Welcome to an open-source DeepCell to QuPath tutorial! This document contains several scripts that when run together allow you to apply DeepCell's Mesmer model for detecting cell nuclei in QuPath. Note: you can already do this for small cropped images via ImageJ's DeepCell plugin, but this pipeline is designed for processing whole-slide images where you have tens of thousands or hundreds of thousands of cells, that is, images that are too large to pass into ImageJ. Moreover, this pipeline also generates pseudo-cytoplasms for your nuclei so that you can have a better estimate of marker intensities per cell to do cell classification.

Shoutout to the Image.SC Forum, especially Dr. Pete Bankhead, for helping me with figuring this out!

Description

This pipeline connects a deep-learning powered cell segmentation model to open-source software that can perform neighborhood analysis and clustering.

Using this pipeline will convert Mesmer-generated instance segmentation masks of nuclei from a fluorescence ome-tiff to PathCellObjects in QuPath with auto-generated cytoplasms, from which a csv containing x/y coordinates and marker intensities per cell can be readily downloaded via QuPath's user interface. In other words, it is like using QuPath's StarDist plugin but with DeepCell, which generally performs better. It also avoids some of StarDist's commonly encountered issues such as the below false positives when parameters are made more sensitive (upping the threshold leads to cells that DeepCell would classify being ignored by StarDist):

False Positives
Figure 1: Issues with StarDist

How To Use

Prerequisites: desktop version of QuPath installed

Recommended: to avoid dependency issues, do everything in the provided conda environment

conda deep2q create -f environment.yml
conda activate deep2q

Time Estimate for standard CODEX-output with ~20k cells: 1 hour 40 minutes. Compare to StarDist 2 hours 26 minutes.

  • Step 0: 2 minutes
  • Step 1: 17 minutes
  • Steps 2 & 3: 62-80 minutes
  • Step 4: 1 minute

Step 0: Image Pre-Processing

Note: if your fluorescence image is already in the right format for QuPath to read and understand, you may skip this step.
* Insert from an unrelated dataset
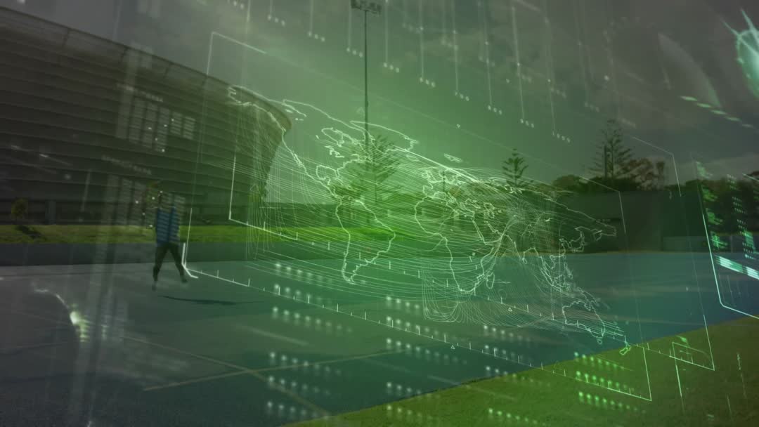 Video captures athlete showcasing agility and speed on court while overlay of holographic map powers data insights. Blends future sports and digital technology, highlighting potential of integrating analytics with performance tracking. Ideal for sports tech presentations, dynamic innovation showcases, and futuristic motion projects.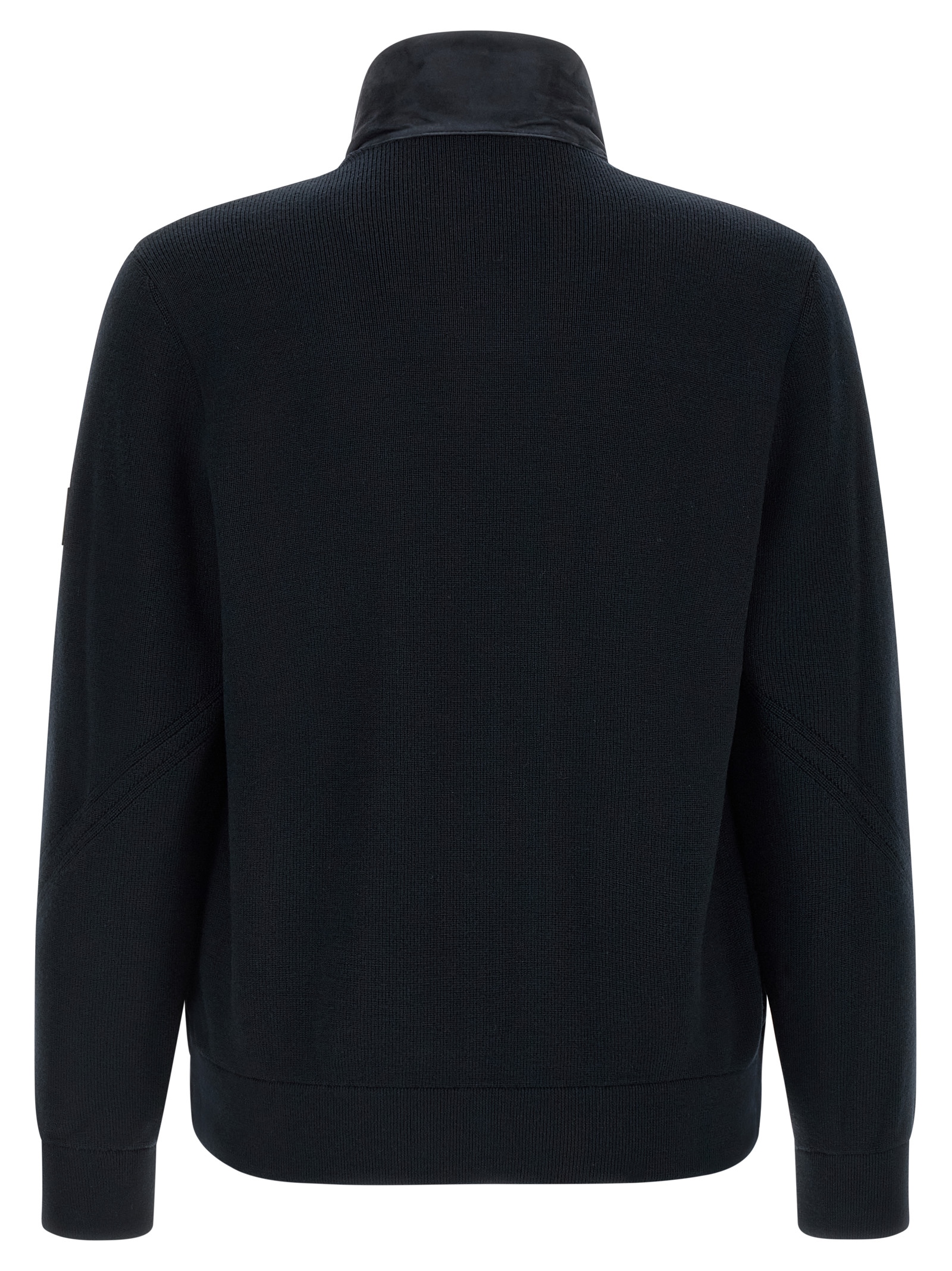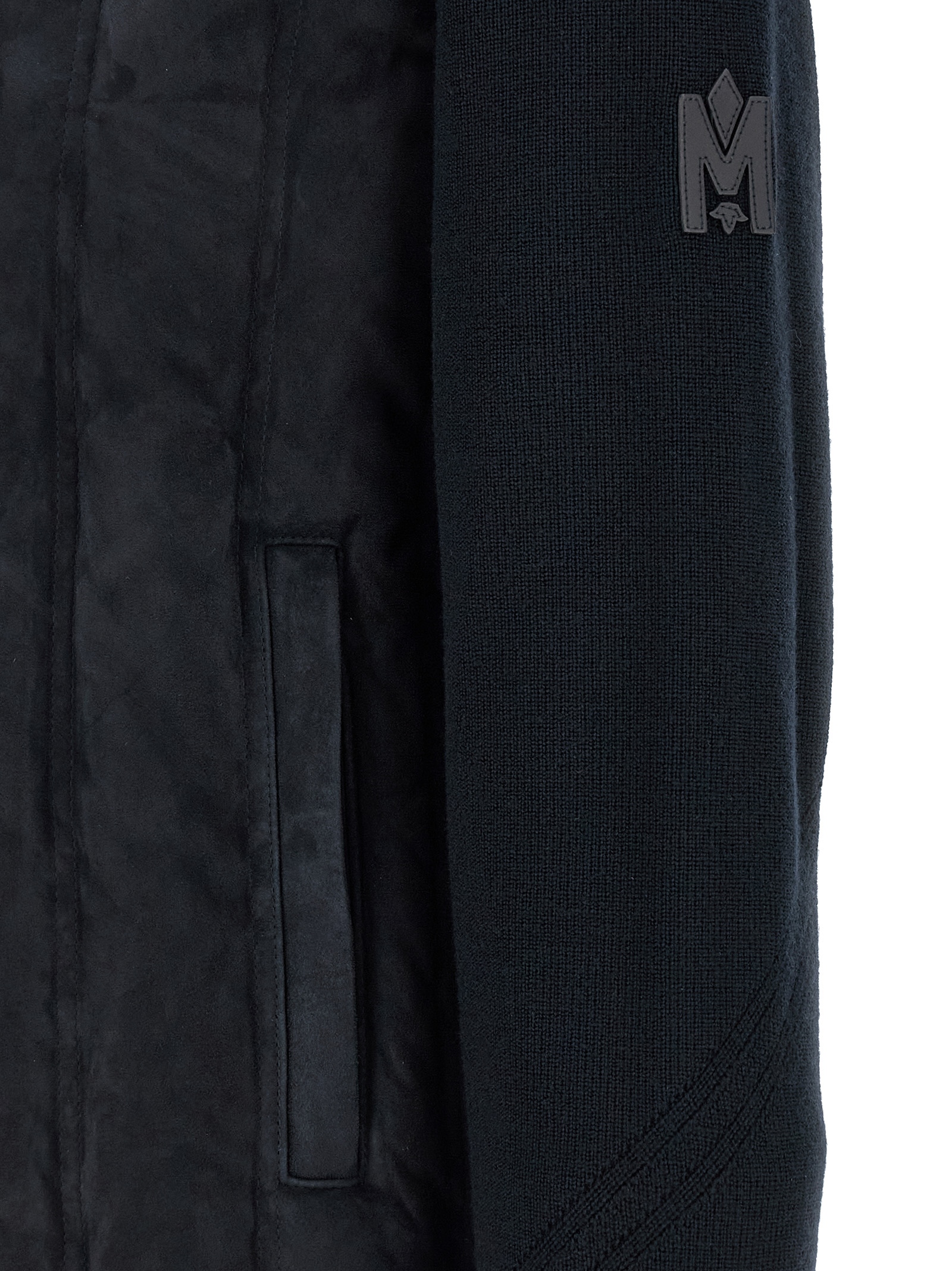 Landen’ knitted virgin wool jacket with quilted and padded suede front, standing collar, double layer wool front insert, zip closure, pockets, long cuffed sleeves and a tone-on-tone logo patch appliqué.

  1. Obtain your multiplex fluorescence tiff from CODEX and save as a .tif file.

  2. The CODEX outputted tiff doesn't have the required metadata for QuPath to recognize the channels. Therefore, do the following:

    • Open the CODEX tiff in QuPath. It should be monochrome as of now. Then open step-0.groovy using Scripts --> Open Script Editor --> File --> Open.

    • Run the groovy script and save the ome tiff.
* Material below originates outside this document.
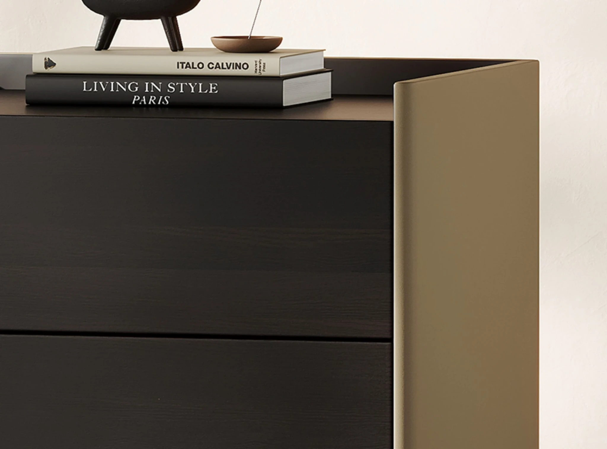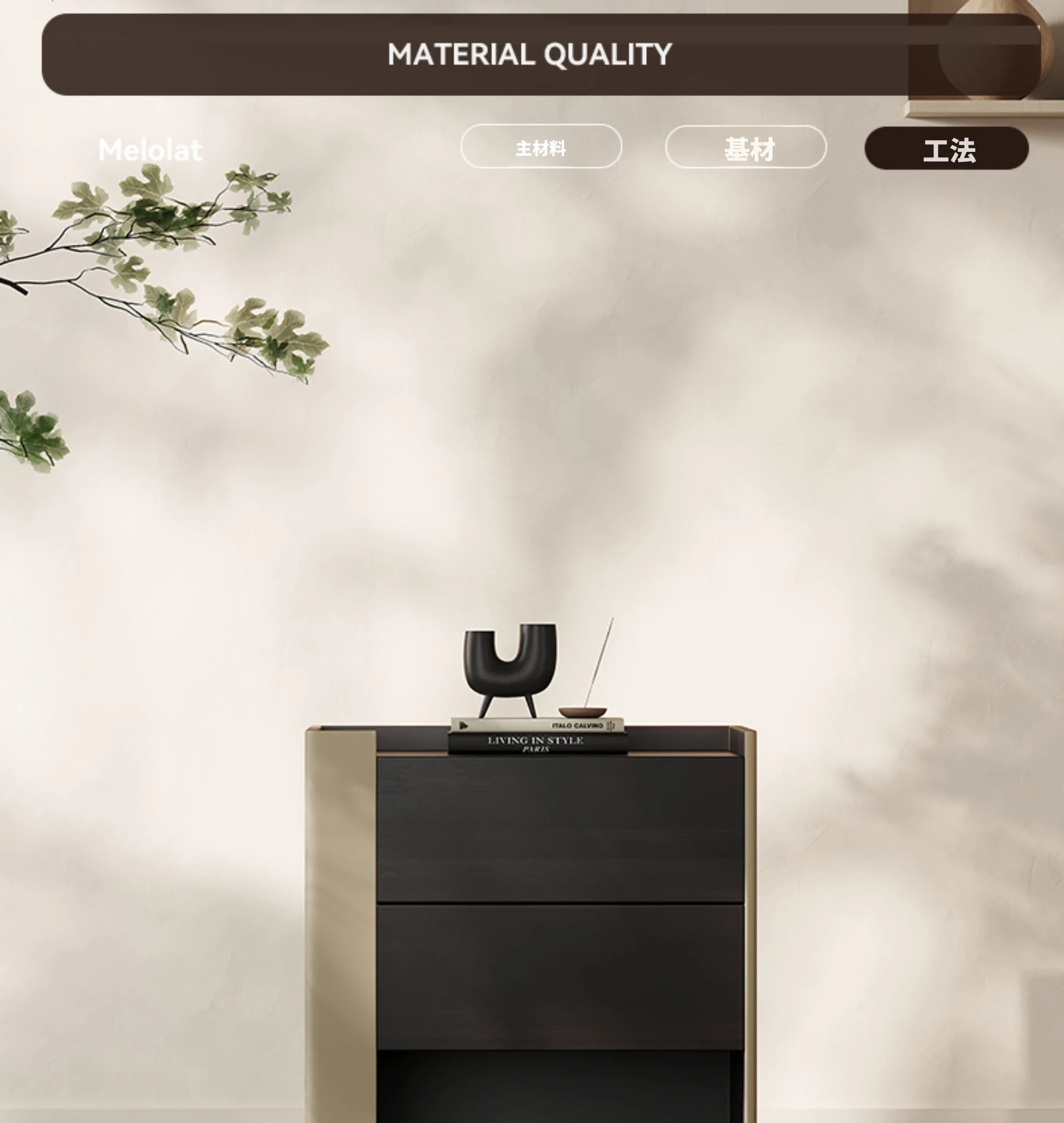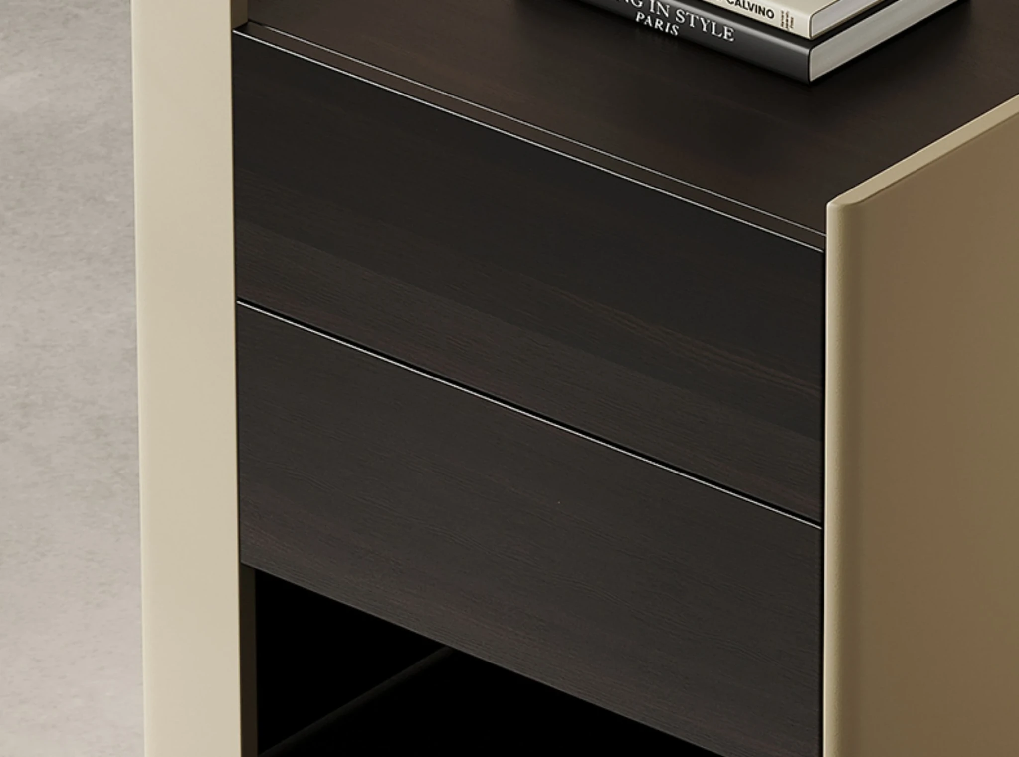 メロラット ベッドサイドテーブル - ラグジュアリーでシンプルな現代デザインの主寝室用収納キャビネット。デザイナーによるサドルレザー仕上げで、スタイリッシュさと機能性を両立!

Step 1: Generating Nuclei Masks via Mesmer

DeepCell's Mesmer deep learning model is specifically designed to segment cells in multiplex fluorescence images. It can either simply segment the nuclei based on a DAPI channel or it can segment both nuclei and cytoplasms if there is a cytoplasmic channel.

The default configuration of this pipeline assumes there is no cytoplasmic channel in your image.

The following step will require at least 75 GB of RAM. You may choose to run it in Google Colab Pro (in which case use step-1-colab.ipynb) or on a suitable server or desktop.

  1. Open step-1.ipynb and modify the file path to be that of your ome tiff.

  2. Run the notebook. It should save a mask.npy (and a cytoplasms.npy if you are using method 2 for the next step) that is an instance segmentation mask of your image's DAPI.

Note: there are optional cells containing code for visualization of the masks. You can uncomment lines and adjust image slices to display channels you want to visualize as well as the mask overlay.

Steps 2 and 3: Adding Cells to QuPath + Generating Measurements

Note: In the future, if paquo API implements an add_cellObject() method, this current setup may be updated to also do step 3 in Python, combining the two steps.

The below two methods take a similar amount of time. The primary bottleneck is generating measurements for each cell which is done in QuPath in both methods. For more customizability, one may prefer to use Python's cell expansion in Method 2. For slightly smoother cytoplasm boundaries, one might prefer QuPath's built-in groovy cell expansion in Method 1.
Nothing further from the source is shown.